EXERCISE PROMPT =
Skip any pictures. Repeat the data exactly, from its first line through the line that holds "素材:クロスステッチ布地・刺繍糸・綿布地・接着芯・江戸打ち紐・ウッドビーズ", both included.

DATA EXTRACT =
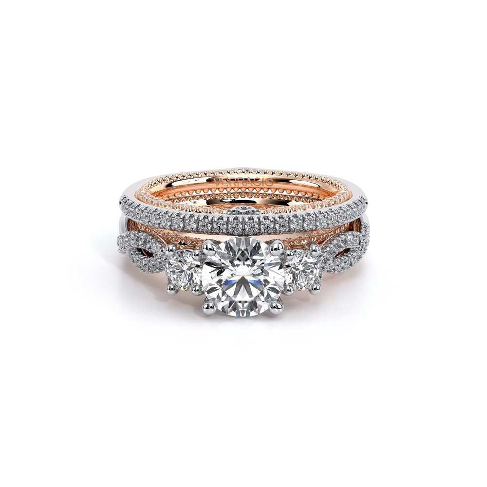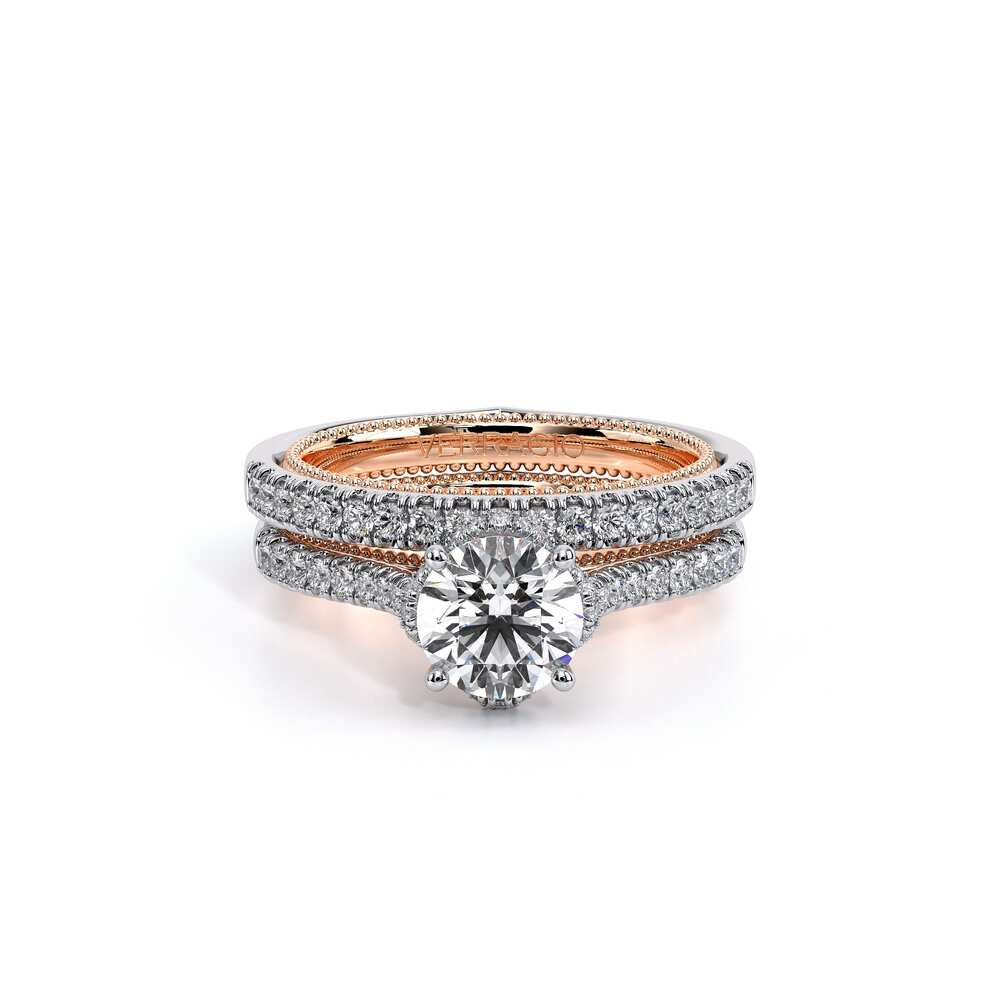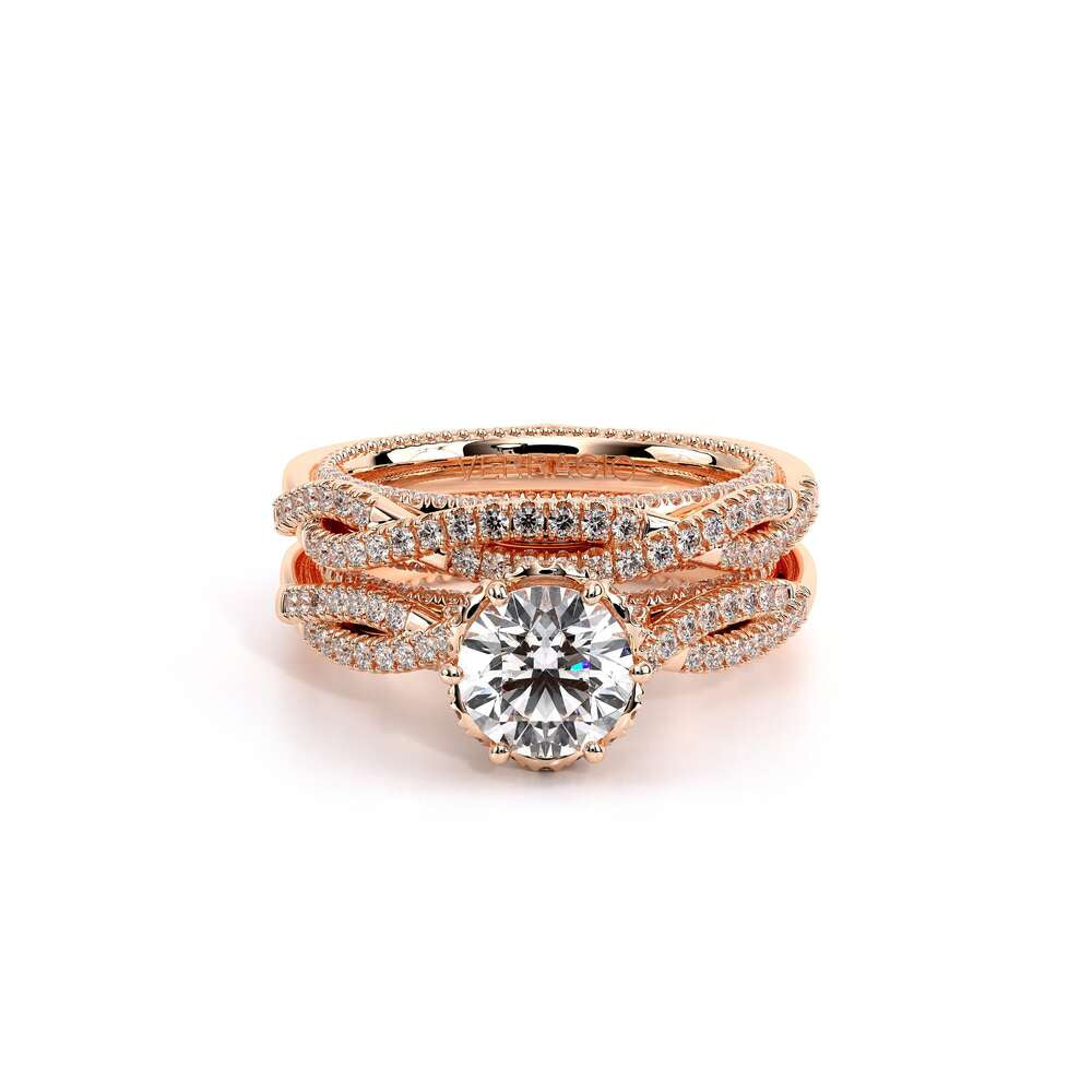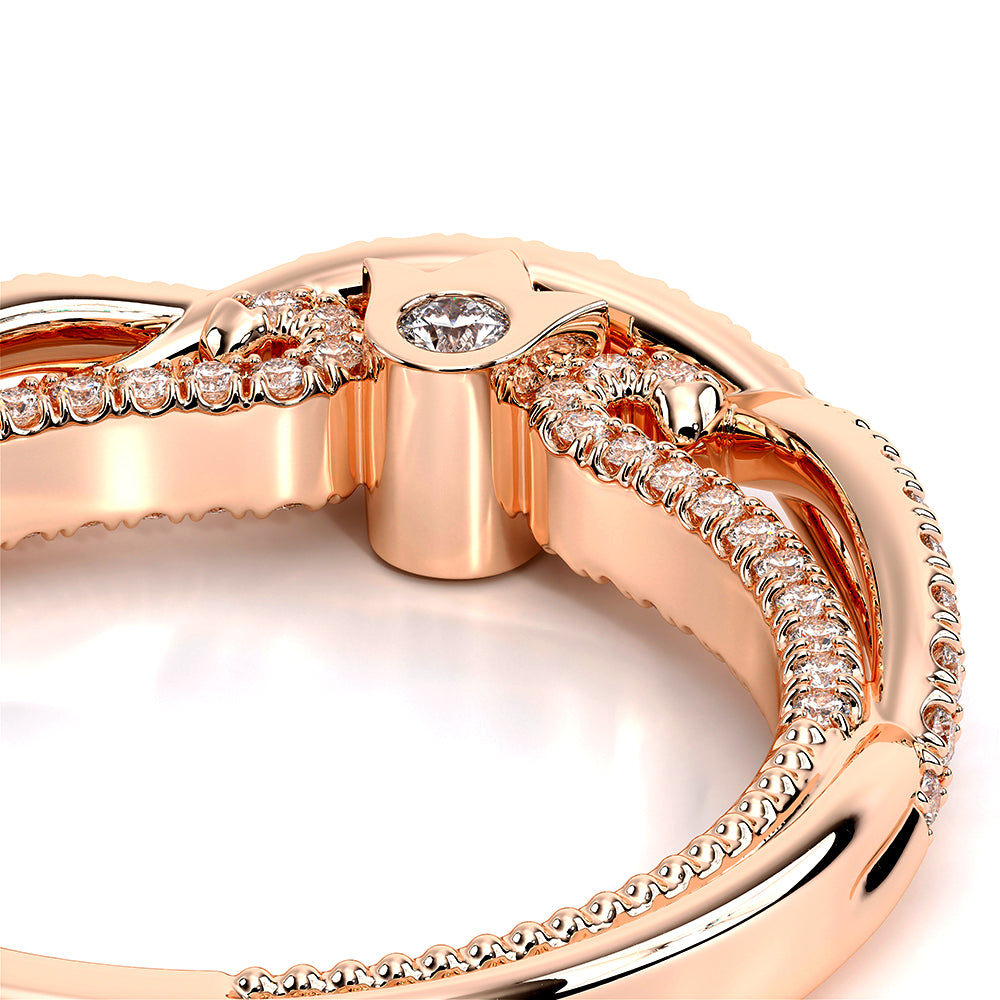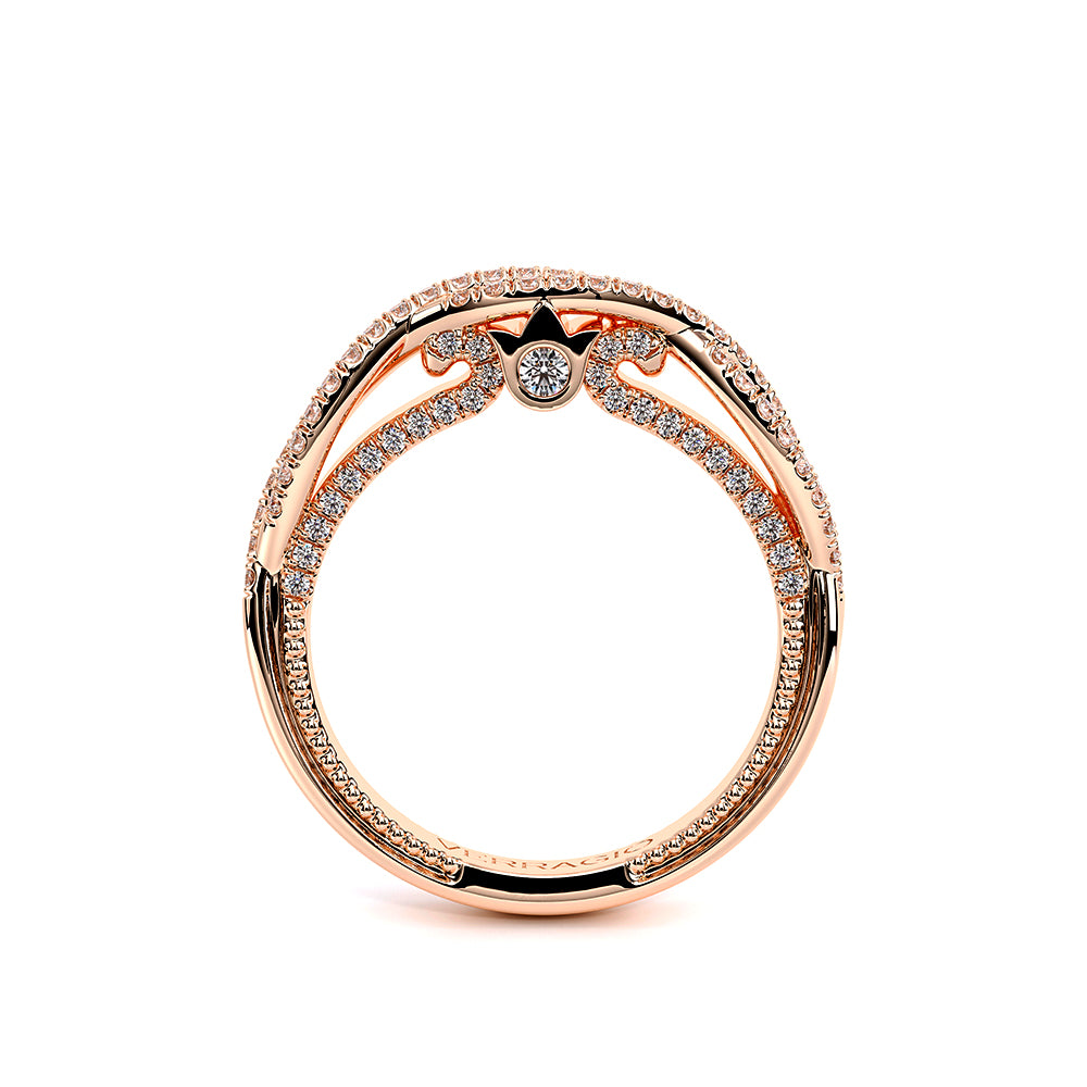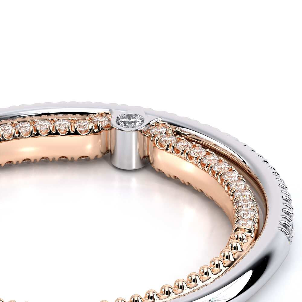 COUTURE-0421W-2T Elegant Twist Wedding band pave with round brilliant diamonds, featuring the Verragio Bezel set and upward Scrollwork Signature Beading profile, completed with the Couture pointed shank.
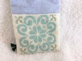 素材:クロスステッチ布地・刺繍糸・綿布地・接着芯・江戸打ち紐・ウッドビーズ
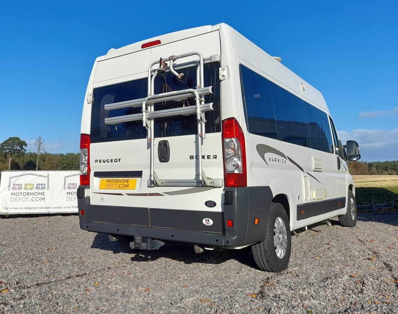 This 2008 Auto-sleepers Warwick is a spacious van conversion with a large kitchen area and end lounge/dinette making it a comfortable van for your camping adventures. It is in good condition with low mileage for age, cab air conditioning. Extras include Eberspacher Diesel Heater, external gas BBQ, underfloor safe, wind out canopy awning, bike Rack, TV, hook up cable and interior cab silver screens
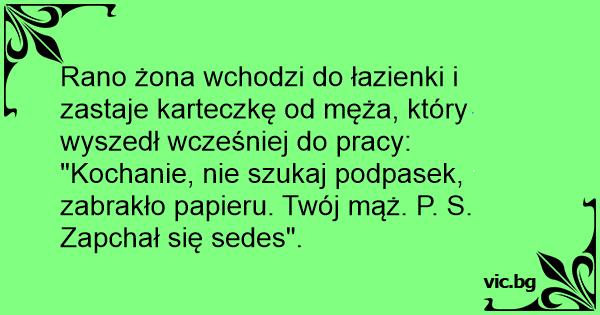 "Kochanie, nie szukaj podpasek, zabrakło papieru. Twój mąż. P. S. Zapchał się sedes".

EXERCISE ANSWER =
 COUTURE-0421W-2T Elegant Twist Wedding band pave with round brilliant diamonds, featuring the Verragio Bezel set and upward Scrollwork Signature Beading profile, completed with the Couture pointed shank.
 素材:クロスステッチ布地・刺繍糸・綿布地・接着芯・江戸打ち紐・ウッドビーズ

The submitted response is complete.